What do New York City and Arizona have in common? No, this is not a trick question; there is one thing: currently, they are the only jurisdictions in the country that require food stamp recipients to register their fingerprints in an electronic database. California and Texas recently lifted their fingerprinting requirements.
Not surprisingly, this has touched off a debate over social utility and costs in New York. Proponents say that the resulting fingerprint database saves the city millions of dollars a year in duplicate fraud. Last year, the Human Resources Administration said it found 1,900 cases of duplicate applications for 2010, with savings of nearly $5.3 million.

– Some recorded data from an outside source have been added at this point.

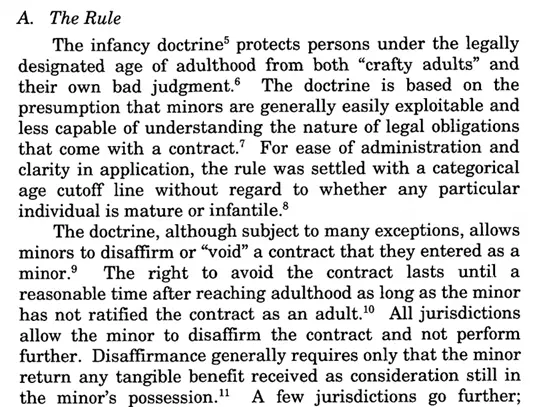 So a contract made on behalf of a real minor, can be voidable by that minor- that is the essence of the Infancy Doctrine- which of course is not what you claim the Infancy Doctrine is at all.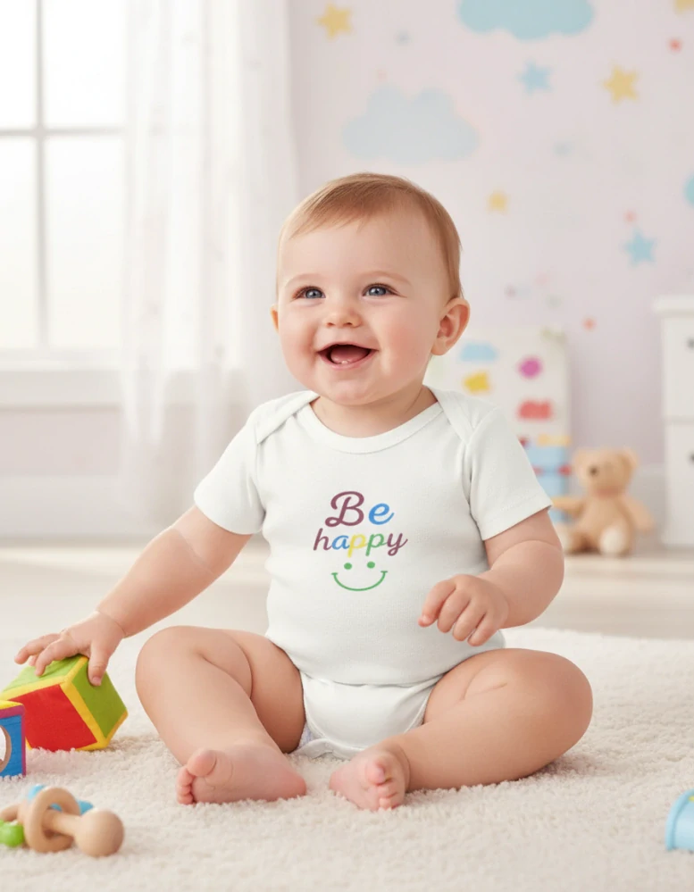 Kojenecké body kr. rukáv BE HAPPY 68Skladem 5 ks139,00 Kč/ ks114,88 Kč bez DPH
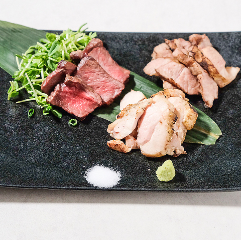 とろける脂の甘みと赤身の旨みが響き合う「肉寿司4種食べ比べ」は、まさに至高の逸品です。お洒落な2階席で、お酒と共に一貫ごとの個性を堪能する贅沢。目も舌も喜ぶ、特別なひとときをどうぞ#旭川#居酒屋#中心部#海鮮#焼鳥#個室#完全個室

Detractors claim this estimate is unproven and that fingerprinting keeps a certain amount of needy people out of the system through intimidation. They also point out that the process costs New York $187,364 a year to implement. Research from the Urban Institute, as cited by New York City Council Speaker Christine Quinn, estimates that around 30,000 people are deterred from getting food stamps because of the fingerprinting requirement, which she claims costs low-income families (and the city’s economy) $54 million a year in federal benefits.

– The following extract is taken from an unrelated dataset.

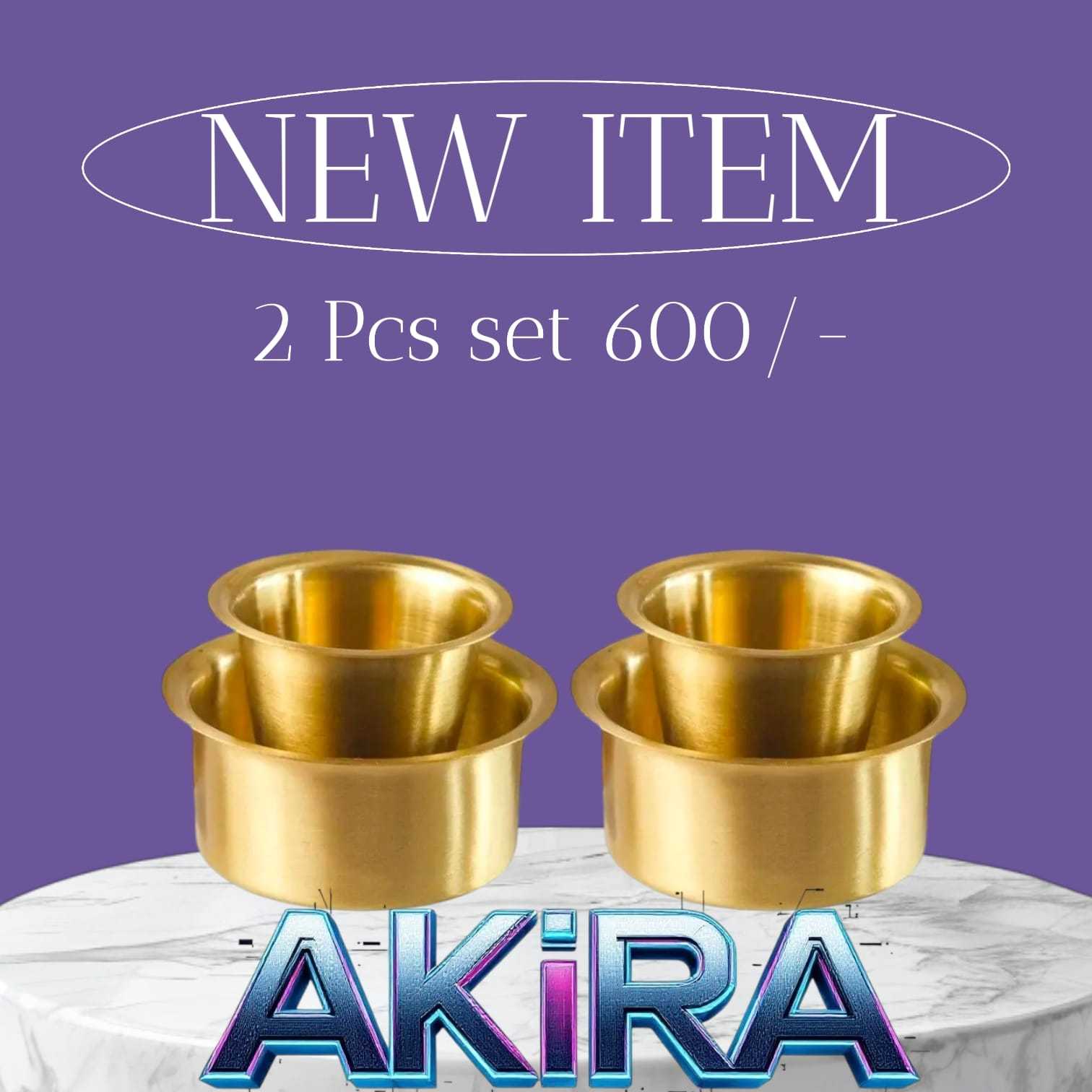 AKiRA Pack of 2 Brass Pure Brass Dabra Set – Traditional South Indian Coffee Serving (Gold, Cup and Saucer Set)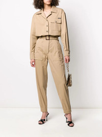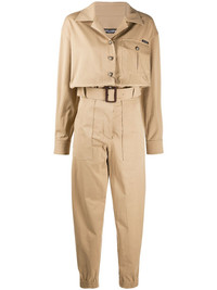 logo patch belted boiler suit Show off your style credentials, with Dolce & Gabbana. A laid-back shape, and utility feel, give this piece an effortlessly cool look. And isn't it nice not to have to match multiple separates together? Featuring a collar style, a front button fastening, a front logo patch, flap and button pockets, long sleeves, side pockets, button cuffs, a long length and elasticated ankles. Made in Italy Composition Cotton 97%, Goat Skin 60%, Zamak 35%, Polyester 5%, Spandex/Elastane 3% SIZE & FIT Model measurements Height 5 ft 10 in(1.79 m) Bust/Chest 31.88 in(81 cm) Hips 35.43 in(90 cm) Waist 23.62 in(60 cm) FittingInformation This piece fits true to size. We recommend you get your regular size Designed for a loose fit with a close fit at the waist Made with a mid-weight stretch fabric Washing instructions Dry Clean Only

One wonders, though, if this kind of exclusion isn’t part of the calculation going on. Mayor Michael Bloomberg is a staunch proponent of the program, declaring the current rate of food stamp fraud to be an unbeatable zero percent.
Modern fingerprinting has a long and fascinating history, from Babylon to ancient China, but the idea of keeping a database of fingerprints for widespread identification got its start in British Calcutta, first as contract signatures and then as a way to make sure that Indian civil service pensions weren’t collected by family members after a pensioner died. The man responsible for this bureaucratic breakthrough was Sir William Herschel, who in 1916 wrote his own treatise, The Origin of Fingerprinting, on his work. He writes:
…fraudulent attempts did still come to light. Signatures were still denied personations in presenting false deeds did take place, either to swindle, or, in one case, to fabricate an alibi. As long as I was at Hooghly I was quite satisfied that no will or other deed registered there with the new safeguard would ever be repudiated by the actual executant.
Herschel goes on to lament that after he left India, a man came into the Registrar offices having “cut off the joints of his fingers, hoping to defeat justice by corrupting the witness.”
Hopefully the 30,000 intimidated hungry of New York won’t have to resort to such measures for a meal.